(Exercise goal)
Give back each line of the data exactly as it reads, minus the pictures.

(Beginning of Input data)

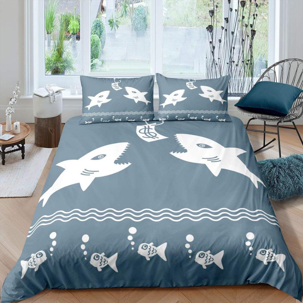 Cartoon Hai Königin Bettbezug Blaues Ozean Tier Thema Bettwäsche Set Für Kinder Jungen Mädchen Meeresleben 2/3tlg. Weicher Bettdeckenbezug
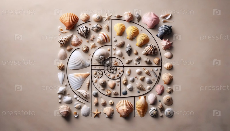 The Fibonacci в коллекции морских раковин, Ai generated image
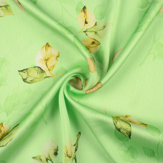 Lime Green And Beige Leaf Pattern Digital Print Chiffon Satin Fabric Lime Green And Beige Leaf Pattern Digital Print Chiffon Satin Fabric

(End of Input data)

(Answer for the task)
 Cartoon Hai Königin Bettbezug Blaues Ozean Tier Thema Bettwäsche Set Für Kinder Jungen Mädchen Meeresleben 2/3tlg. Weicher Bettdeckenbezug
 The Fibonacci в коллекции морских раковин, Ai generated image
 Lime Green And Beige Leaf Pattern Digital Print Chiffon Satin Fabric Lime Green And Beige Leaf Pattern Digital Print Chiffon Satin Fabric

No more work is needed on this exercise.